The young coach had again got himself well in hand.The obstacles were thickening, and, because of them, final victory over Gold Hill would be a prize worth while.
“Ophir is going to win!” he declared, and there was a look on his face and a gleam in his dark eyes that went far to dispel the president’s gloomy forebodings.
“You’re a brick!” said Mr. Bradlaugh, clapping Frank on the shoulder. “That’s the spirit, my lad, that leads many a forlorn hope to victory. We’re going to win—I consider that settled. If you’re on your way back to town, jump into my car and I’ll take you. I was only waiting for a word with you before I started.”
The clubhouse and athletic field were a short mile out of Ophir. On the way back Merry communed with himself and took heart out of his very discouragements.
The poor showing of the club team, the short time in which to make a winner out of it, the good work of Gold Hill under Guffey—all these things Merry considered well; and, in the final summing up, they merely spurred him to fresh endeavors. He was out for Gold Hill’s scalp, and he was going to get it.

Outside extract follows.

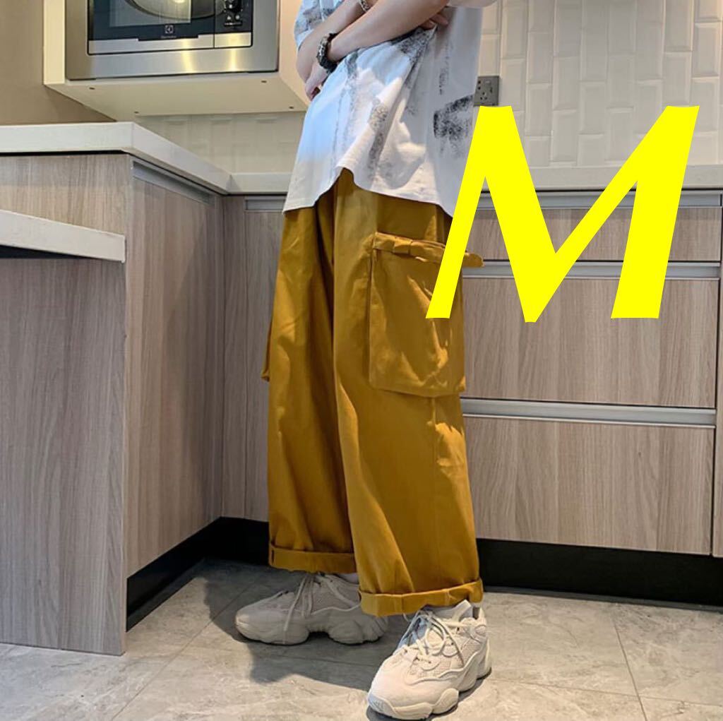 - ボトムス ワイドパンツ カーゴパンツ ワークパンツ ルーズパンツ トレンド ストリート 好評 メンズ レディース オルチャン 黄色 イエロー M

That night, in a most peculiar way, some more disturbing details were brought home to him. It was about one in the morning when he heard a pebble rattle against the window of his room. He got up, lifted the window cautiously, and looked out into the dark.
“It’s Bleeker,” came a low voice, “Bleeker, of Gold Hill. Don’t give me away, Merriwell, but come down. I’ve something I want to tell you.”